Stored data
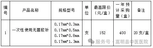 云南省昆明市嵩明县中医医院一次性使用无菌揿针采购竞争性谈判公告
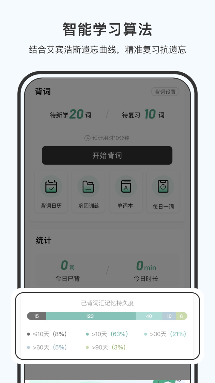 2. 支持查看学习效果,了解单词掌握情况。
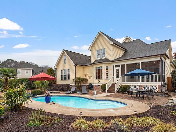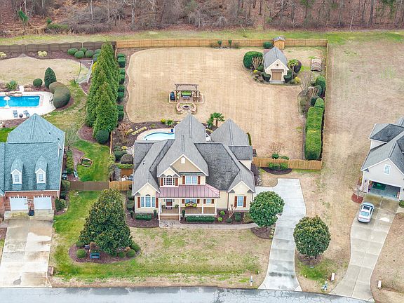 Meticulously maintained and ready for move-in. Like living at your own resort. Heated salt water pool, huge .64-acre fenced lot with gorgeous landscaping / hardscaping, irrigation, pergola, fire pit circle, wired outdoor shop. Open flowing floorplan fills with natural light - great for entertaining. Beautiful hardwood floors on much of first floor. Vaulted family room with transom windows, built-ins, and cozy stone fireplace. Gourmet chef's kitchen with granite countertops, stainless appliances, walk in pantry, butler's pantry. Elegant formal dining room plus breakfast room. 1st floor master suite with trey ceiling, private bath with large walk in shower + jetted tub. Huge closet with built-ins. 1st floor office with French doors and adjacent full bath could be used as guest room (permit for 3 bedroom). Large bonus room with finished storage room. Breezy screened porch and covered front porch. Tons of little details like reverse osmosis filter, wired outdoor speakers, planter beds, garage mop sink.
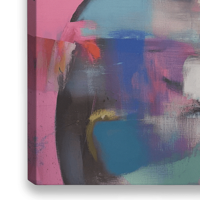 Dieses abstrakte Kunstwerk strahlt eine lebendige Energie aus, mit einer spielerischen Mischung aus Farben und Formen. Die Figur wirkt menschlich, ist aber stark stilisiert und besteht aus geometrischen Formen und Farbflächen. Der Hintergrund besteht aus leuchtenden Rosa- und Violetttönen, während die Figur selbst eine Kombination aus…
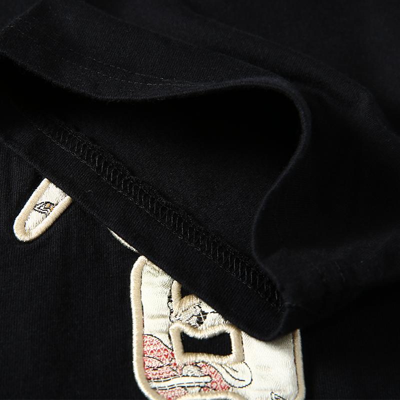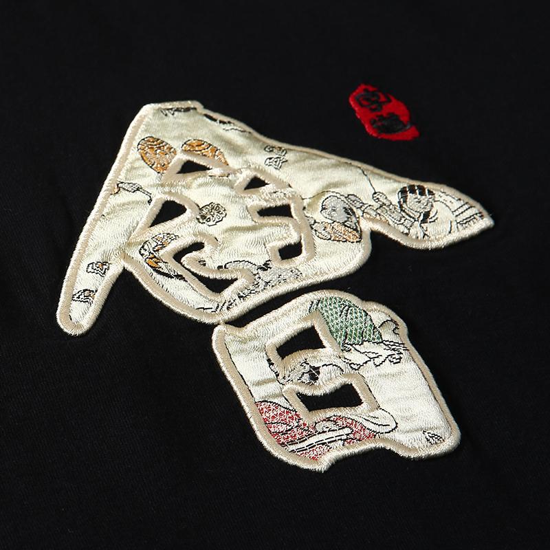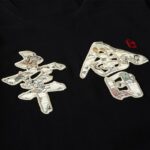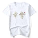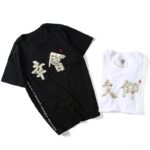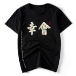 This shirt features several Japanese characters. The large characters on the center torso of the shirt with several images inside them are elegantly written and designed. They carry a polite meaning of nice to meet you.

| About this exercise |
Give back the data exactly, with no images.

| Task result |
 云南省昆明市嵩明县中医医院一次性使用无菌揿针采购竞争性谈判公告
 2. 支持查看学习效果,了解单词掌握情况。
 Meticulously maintained and ready for move-in. Like living at your own resort. Heated salt water pool, huge .64-acre fenced lot with gorgeous landscaping / hardscaping, irrigation, pergola, fire pit circle, wired outdoor shop. Open flowing floorplan fills with natural light - great for entertaining. Beautiful hardwood floors on much of first floor. Vaulted family room with transom windows, built-ins, and cozy stone fireplace. Gourmet chef's kitchen with granite countertops, stainless appliances, walk in pantry, butler's pantry. Elegant formal dining room plus breakfast room. 1st floor master suite with trey ceiling, private bath with large walk in shower + jetted tub. Huge closet with built-ins. 1st floor office with French doors and adjacent full bath could be used as guest room (permit for 3 bedroom). Large bonus room with finished storage room. Breezy screened porch and covered front porch. Tons of little details like reverse osmosis filter, wired outdoor speakers, planter beds, garage mop sink.
 Dieses abstrakte Kunstwerk strahlt eine lebendige Energie aus, mit einer spielerischen Mischung aus Farben und Formen. Die Figur wirkt menschlich, ist aber stark stilisiert und besteht aus geometrischen Formen und Farbflächen. Der Hintergrund besteht aus leuchtenden Rosa- und Violetttönen, während die Figur selbst eine Kombination aus…
 This shirt features several Japanese characters. The large characters on the center torso of the shirt with several images inside them are elegantly written and designed. They carry a polite meaning of nice to meet you.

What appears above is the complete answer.